At the end the workshop, think to yourself, how could every day be a little bit more based on compliments?
3. ALLOW KIDS TO COAUTHOR SOMETHING
Writing partners play an important role in most writing workshops, but typically we ask students to do all their own writing. This is to protect each student’s right to their own work, ensuring they have enough time to write, enough independent practice, and to make sure students don’t become reliant on someone else to do the work for them.
However, some students LOVE to coauthor books together. For example, sitting side by side, one student might write a little while the other looks on, coaches their partner, and thinks of what to write next–then the second student writes a little. They could go back and forth like this, on and on, forever. Other partners take on different roles – one student happily scribes everything while the other student says all the ideas aloud. Another partnership might involve a clear author/illustrator type of relationship.
A few years ago, in a third grade classroom, two boys whom I knew to avoid writing at all costs, shared with me a script for a “Harry Potter Show” they had been working on for weeks at recess. In another classroom, a group of girls coauthored an elaborate adaptation to Cinderella that took place under the sea, each writer taking on a chapter of their carefully planned out book, frequently coming together to see if the parts were still fitting and making frequent revisions to the plan.
The end of the year is a great time to try new things. You’ve made it through all your essential teaching, kids are nearly ready to move on to the next grade level, your routines and management are as good as they are ever going to get. It’s now or never to try a few “riskier” new things before the year is over.
2 thoughts on “Three Things to Try in Writing Workshop Before the End of the School Year”

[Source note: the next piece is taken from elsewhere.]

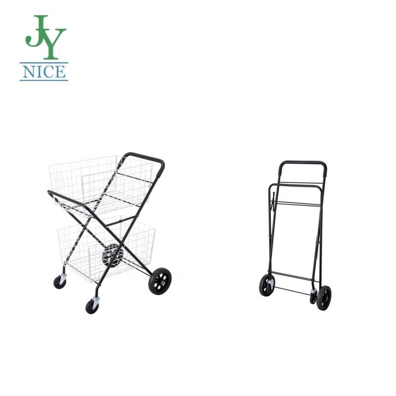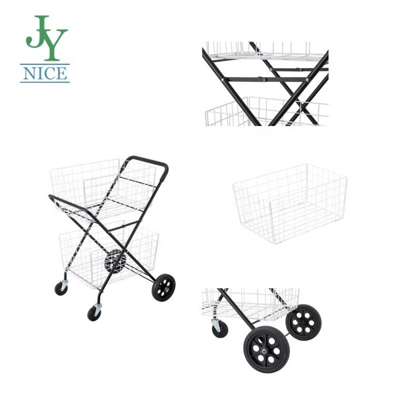 Customized Gym Tennis Collection Cart Supermarket Folding Net Storage Pulley Metal Shopping Cart
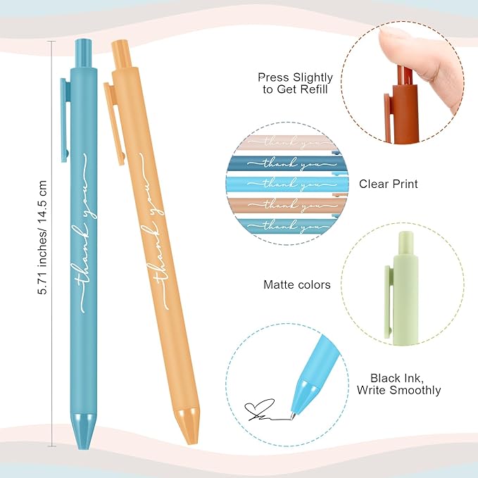 - Convenient Size: the thank you pens are created with a standard size, providing an easy fit into any pen holder or pocket; Their professional size also ensures a steady and reliable grip throughout writing performances

So true that the pendulum swings a bit too far in education and we lose sight of the the original intent of the change. I love this post! I find myself suggesting that teachers read Lucy Calkins’ Lessons from a Child, or Donald Graves’ Writers, Teachers and Children at Work, because of this sense that we have lost some of the intent and joy that made writing workshop so wonderful. But, that is not a practical suggestion. The suggestions in this post, however, are practical and easy to implement, and yet capture the joy and intent that are missing these days. This is a post I will treasure and share. Thank you!!!
One and three are things we do all the time (every Friday and at quiet time). Number two is a great idea!